## [Aim of the task]
Transcribe only the part of the material below that begins at the line containing "Golfing at sunset" and ends at the line containing "rất tiện lợi", with both kept and images left out.

## [Given data]

* * * * * * *

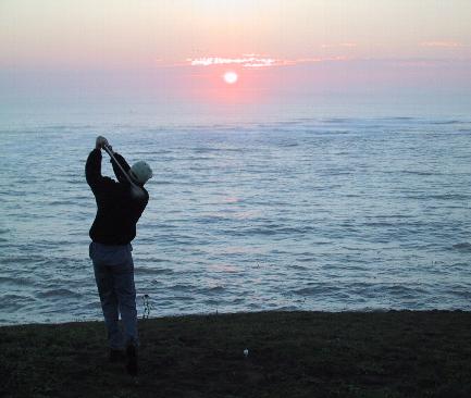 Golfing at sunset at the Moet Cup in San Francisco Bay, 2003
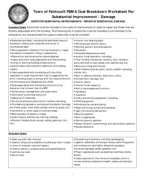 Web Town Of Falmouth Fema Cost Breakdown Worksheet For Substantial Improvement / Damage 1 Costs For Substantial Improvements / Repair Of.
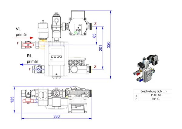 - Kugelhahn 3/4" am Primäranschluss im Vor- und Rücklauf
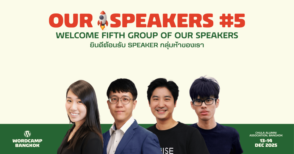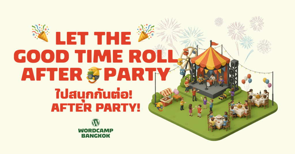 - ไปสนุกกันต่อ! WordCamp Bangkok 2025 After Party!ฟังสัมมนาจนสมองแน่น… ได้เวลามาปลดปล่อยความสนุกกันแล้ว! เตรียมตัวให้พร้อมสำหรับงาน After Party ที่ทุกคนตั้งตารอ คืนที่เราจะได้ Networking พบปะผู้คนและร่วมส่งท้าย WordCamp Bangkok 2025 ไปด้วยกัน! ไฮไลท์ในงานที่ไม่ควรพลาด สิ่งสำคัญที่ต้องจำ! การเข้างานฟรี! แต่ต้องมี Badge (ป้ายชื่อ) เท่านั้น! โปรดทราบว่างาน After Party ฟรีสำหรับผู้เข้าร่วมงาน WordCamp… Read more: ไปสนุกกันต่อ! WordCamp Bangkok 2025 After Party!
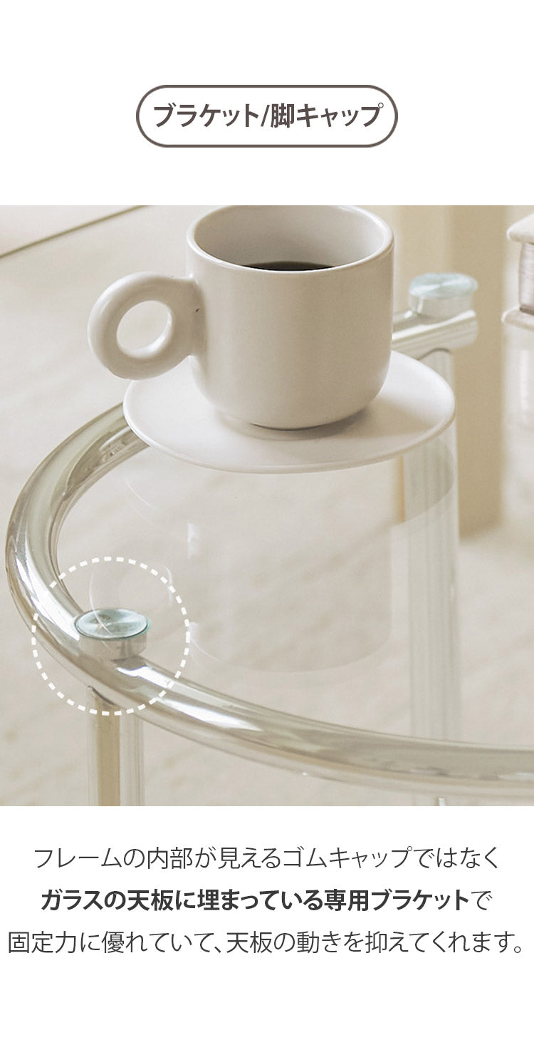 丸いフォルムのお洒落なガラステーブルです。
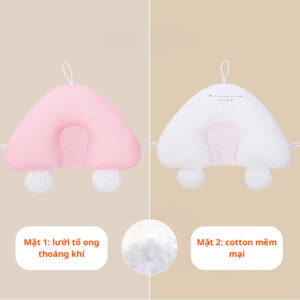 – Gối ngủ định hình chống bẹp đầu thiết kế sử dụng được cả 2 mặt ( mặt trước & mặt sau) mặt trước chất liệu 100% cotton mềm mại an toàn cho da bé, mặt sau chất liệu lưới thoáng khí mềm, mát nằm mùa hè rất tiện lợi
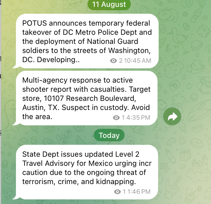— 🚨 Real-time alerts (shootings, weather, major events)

* * * * * * *

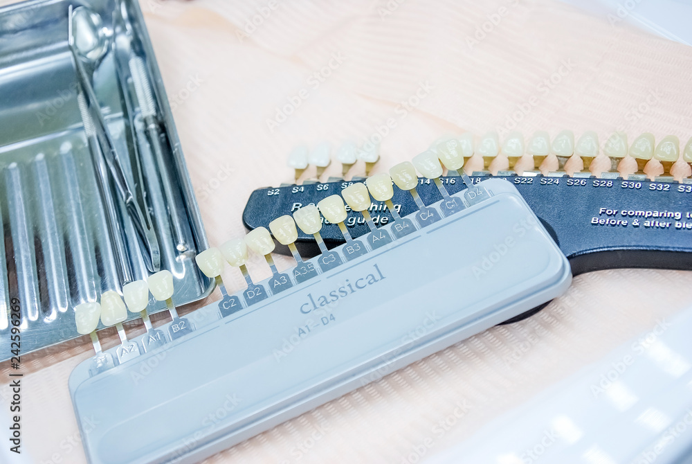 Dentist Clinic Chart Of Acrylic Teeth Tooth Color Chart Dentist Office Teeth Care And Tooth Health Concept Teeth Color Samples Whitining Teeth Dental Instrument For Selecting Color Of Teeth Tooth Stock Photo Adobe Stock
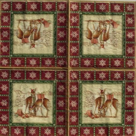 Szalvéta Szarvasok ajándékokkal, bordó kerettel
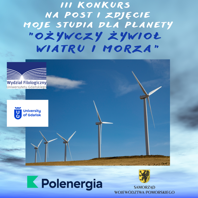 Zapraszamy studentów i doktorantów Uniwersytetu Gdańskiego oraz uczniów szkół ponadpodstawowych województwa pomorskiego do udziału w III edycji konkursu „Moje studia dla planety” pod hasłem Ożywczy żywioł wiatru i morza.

* * * * * * *

## [Response box]
 Golfing at sunset at the Moet Cup in San Francisco Bay, 2003
 Web Town Of Falmouth Fema Cost Breakdown Worksheet For Substantial Improvement / Damage 1 Costs For Substantial Improvements / Repair Of.
 - Kugelhahn 3/4" am Primäranschluss im Vor- und Rücklauf
 - ไปสนุกกันต่อ! WordCamp Bangkok 2025 After Party!ฟังสัมมนาจนสมองแน่น… ได้เวลามาปลดปล่อยความสนุกกันแล้ว! เตรียมตัวให้พร้อมสำหรับงาน After Party ที่ทุกคนตั้งตารอ คืนที่เราจะได้ Networking พบปะผู้คนและร่วมส่งท้าย WordCamp Bangkok 2025 ไปด้วยกัน! ไฮไลท์ในงานที่ไม่ควรพลาด สิ่งสำคัญที่ต้องจำ! การเข้างานฟรี! แต่ต้องมี Badge (ป้ายชื่อ) เท่านั้น! โปรดทราบว่างาน After Party ฟรีสำหรับผู้เข้าร่วมงาน WordCamp… Read more: ไปสนุกกันต่อ! WordCamp Bangkok 2025 After Party!
 丸いフォルムのお洒落なガラステーブルです。
 – Gối ngủ định hình chống bẹp đầu thiết kế sử dụng được cả 2 mặt ( mặt trước & mặt sau) mặt trước chất liệu 100% cotton mềm mại an toàn cho da bé, mặt sau chất liệu lưới thoáng khí mềm, mát nằm mùa hè rất tiện lợi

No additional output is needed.